**About this exercise:** Transcribe word for word the section of the records below that opens with the line containing "Brief: Design a" and closes with the line containing "Crema de protección"; drop every picture.
Segment Start: Dataset
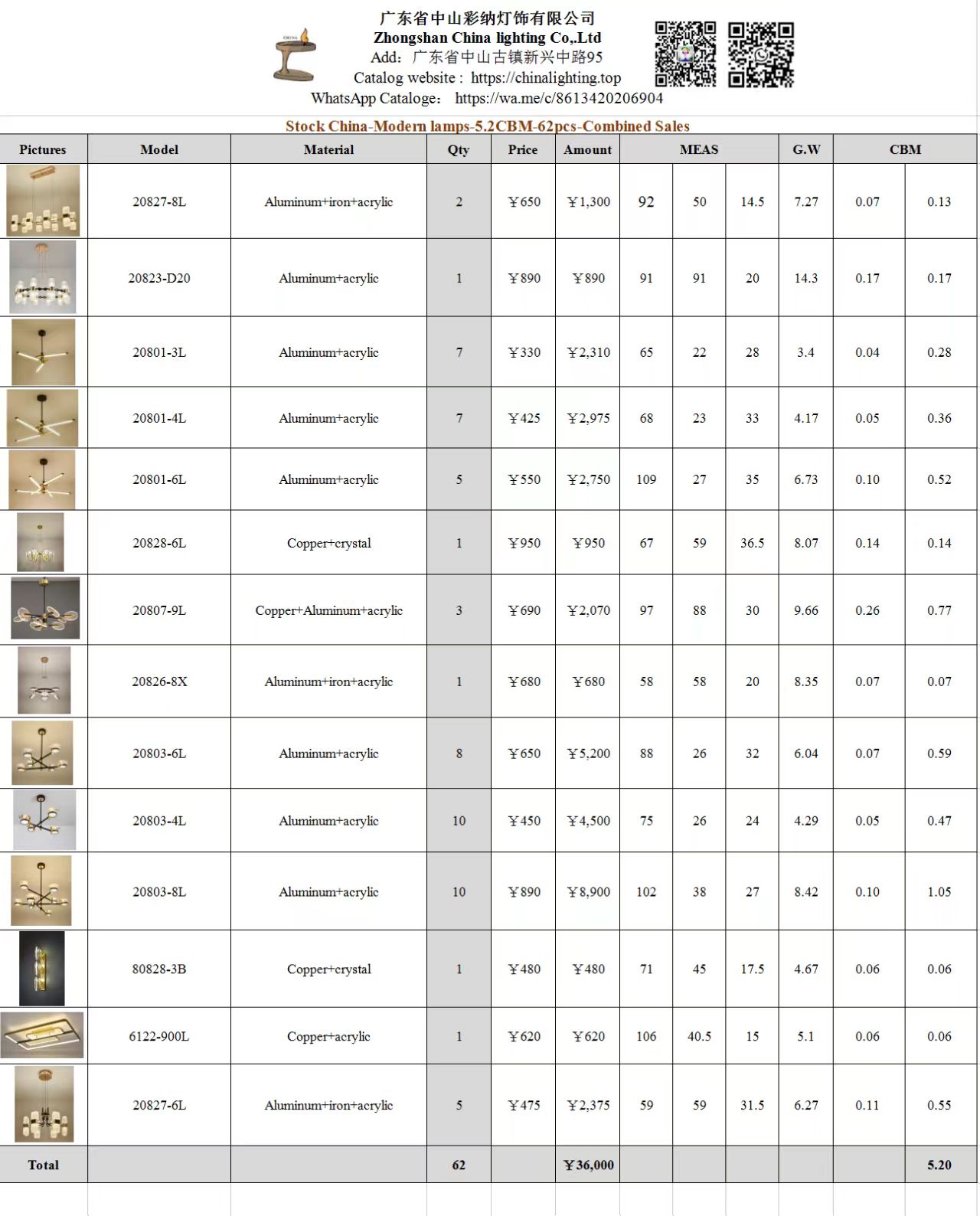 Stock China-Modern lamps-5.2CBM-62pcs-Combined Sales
Segment End: Dataset
Segment Start: Dataset
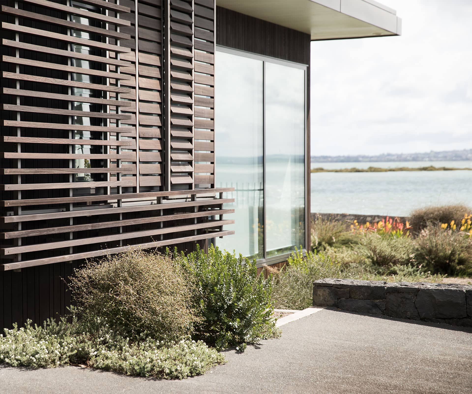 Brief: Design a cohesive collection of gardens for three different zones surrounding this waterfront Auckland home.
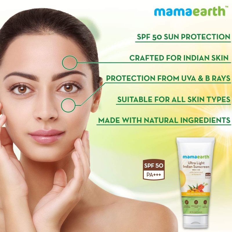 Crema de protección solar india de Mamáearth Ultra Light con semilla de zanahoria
Segment End: Dataset
Segment Start: Dataset
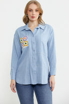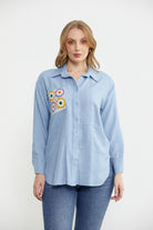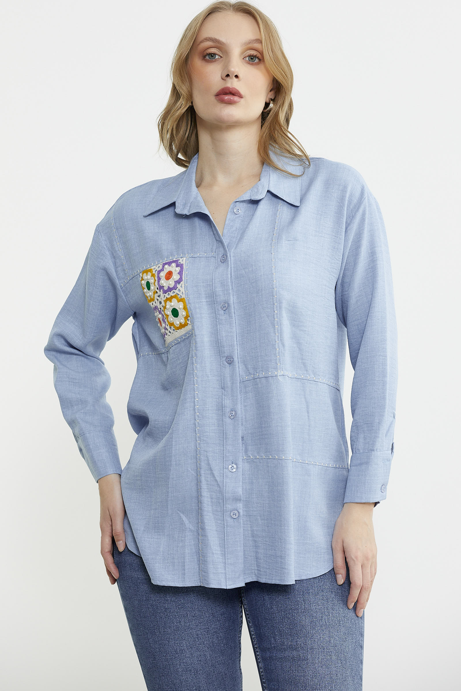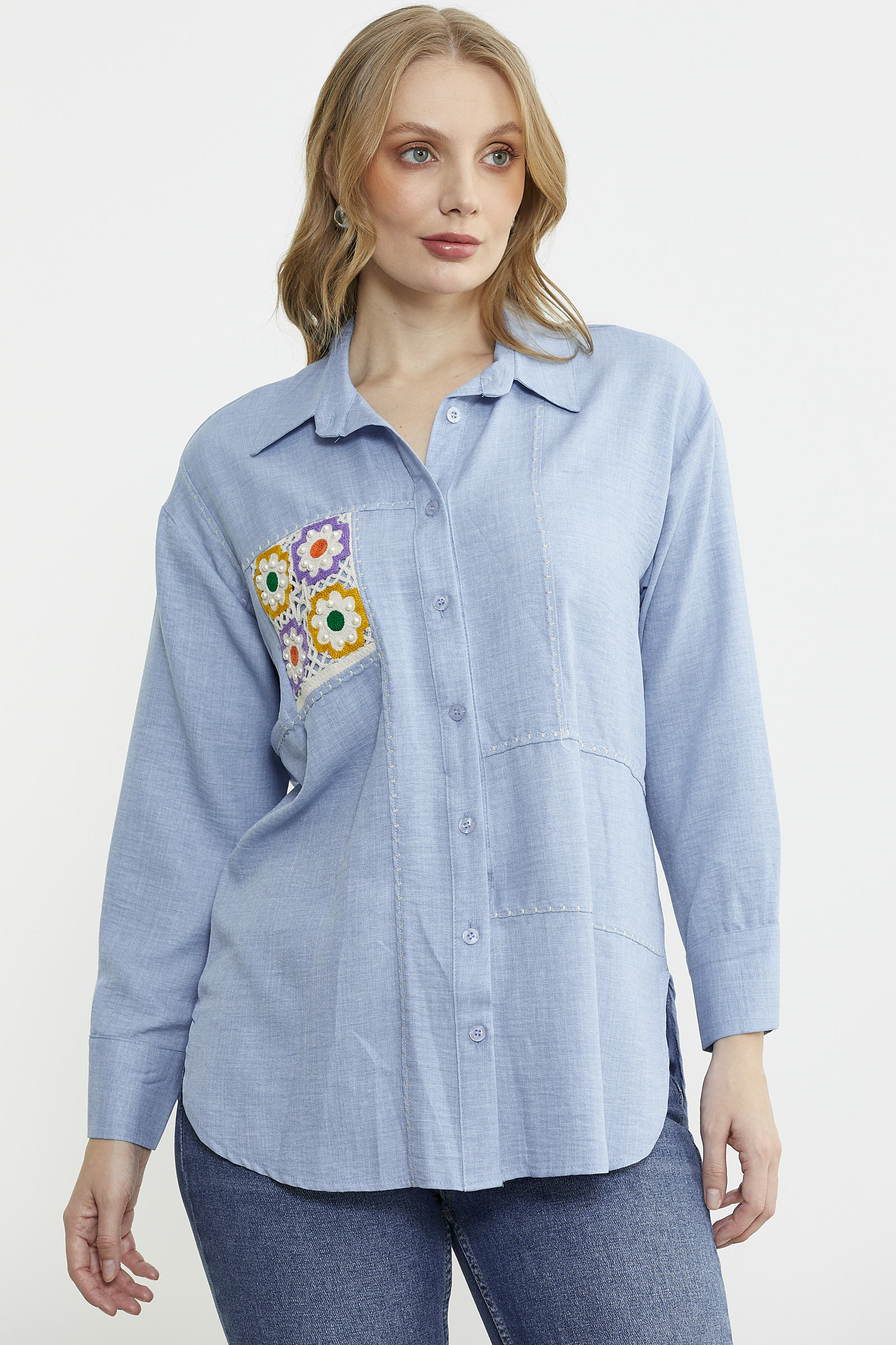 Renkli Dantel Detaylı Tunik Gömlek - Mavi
Segment End: Dataset
**Your solution:**
 Brief: Design a cohesive collection of gardens for three different zones surrounding this waterfront Auckland home.
 Crema de protección solar india de Mamáearth Ultra Light con semilla de zanahoria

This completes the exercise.